Um escrevedor volta a falar de memória musical – VIII: o
começo da caminhada – primeiro semestre de 1980 – A Primeira Igreja Batista de
Alagoinhas e as primeiras músicas evangélicas – Parte I.
Já vai longo o conjunto de arrazoados que se vem escrevendo
neste espaço, apresentando alguns dos aspectos relacionados com o caminhar
iniciado em janeiro de 1980, quando se deu um passo importante no sentido de
promover algumas mudanças no que respeita a busca de definições para a vida
daquele que completara 19 anos, ao findar dezembro. A partir do vigésimo dia
daquele novo ano, este escrevedor passava a professar a Fé Cristã Protestante,
inserindo-se na Primeira Igreja Batista de Alagoinhas, a partir de onde
passaria a confessar a Cristo, publicamente, não só dizendo às pessoas, bem
como, procurando viver de modo que tal Fé pudesse ser percebida no seu falar,
no seu agir e no seu relacionar-se com a sociedade. Uma das mudanças práticas
que precisava ser materializada, se referia ao hábito de fumar. Tal hábito fora
adquirido aos quatorze anos, quando ingressara na quinta série e, fora
reforçado quando retomara a sua liberdade ao voltar do instituto. Apesar de
requerer alguma disciplina e persistência, como dissera a um amigo de farras
pretéritas, o último cigarro fora fumado na manhã daquele domingo, pois já
estava decidido a ingressar no meio Batista, a partir da noite daquele mesmo
dia. E, assim foi.
E, prosseguindo no processo de mudanças inerentes ao novo caminho
que resolvera começar a trilhar, era necessária a efetivação de uma reforma
substancial no seu linguajar. Embora fosse dotado de um vocabulário vasto e
rico, se habituara ao uso frequente de palavras prenhes de torpeza, indecência
e que expressavam imoralidades, não apropriadas para serem usadas por quem
pretendia se apresentar como tendo sido investido de “novidade de vida”. Aquele
exercício fora um tanto de mais difícil execução, uma vez que o hábito de as
proferir, exigia do rapaz constante cuidado, tanto mais que ele era
constantemente provocado por aqueles que afirmavam não acreditar que houvesse
mesmo “virado crente”. A sua dificuldade em estabelecer um novo padrão de
linguagem, estava mais na superação de hábitos e não na ausência de um conjunto
vocabular que lhe permitisse um falar agradável.
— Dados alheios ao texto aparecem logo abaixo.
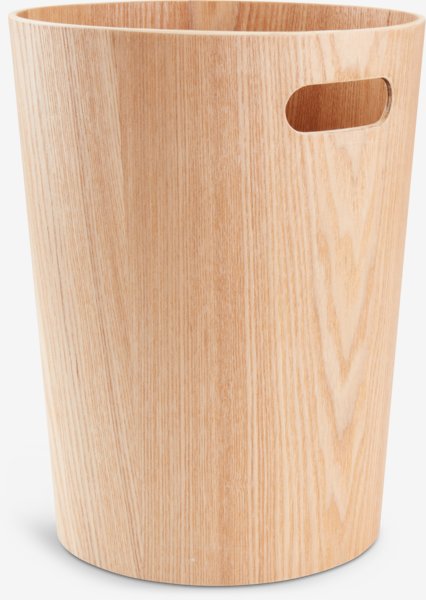 Papirkurv laget av askefinér og poppelkryssfinér, med en naturlig trefinish som komplementerer moderne interiør. Har integrerte håndtak for enkel flytting. Ø23 x H30 cm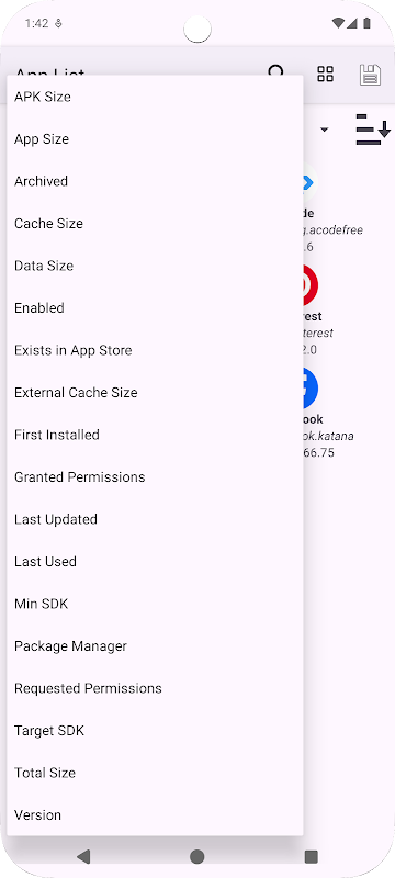 Questa app open source elenca una parte selezionata di informazioni sull'applicazione in tutte le app, per visualizzarle a colpo d'occhio. Queste informazioni possono anche essere esportate. Inoltre, è possibile visualizzare statistiche di riepilogo. I campi di informazioni sull'app attualmente supportati sono: • Dimensione APK

Nisto, como em vários outros
aspectos de sua vida, o rádio foi um grande colaborador, uma vez que as grandes
emissoras de rádio que sempre ouvira, possuíam um grande cuidado na hora de
escolher aqueles que se colocariam diante dos microfones, uma vez que a
correção gramatical e a dicção foram a grande marca daqueles locutores que
atuavam no rádio AM. Até mesmo as emissoras do interior possuíam o cuidado
naquele campo.
Assim, dado o passo inicial no sentido de passar a fazer
parte daqueles que congregavam naquela Igreja, logo procurou se instruir em
relação aos dias e horários dos cultos; logo procurou apresentar-se disposto a
enturmar-se com os demais integrantes daquele corpo eclesiástico, não obstante
a sua imensa e quase insuperável dificuldade de interagir coletivamente. Tanto
é assim que, ao que tudo faz crer, o líder daquela igreja se apercebeu de tal
característica de uma das suas mais novas ovelhas e, partiu para a tarefa de
envolvê-la nas atividades eclesiásticas e/ou extra eclesiásticas, o quanto
estivesse ao seu alcance, sem, contudo, preterir esta ou aquela ovelha em
dificuldades semelhantes. Prova disto é que algumas semanas mais tarde, já o
levava como companhia nas suas viagens para visitar algumas congregações às
quais prestava assistência, nomeadamente, uma que se localizava na cidade de
Itapicuru, há cerca de cento e quinze quilômetros de Alagoinhas.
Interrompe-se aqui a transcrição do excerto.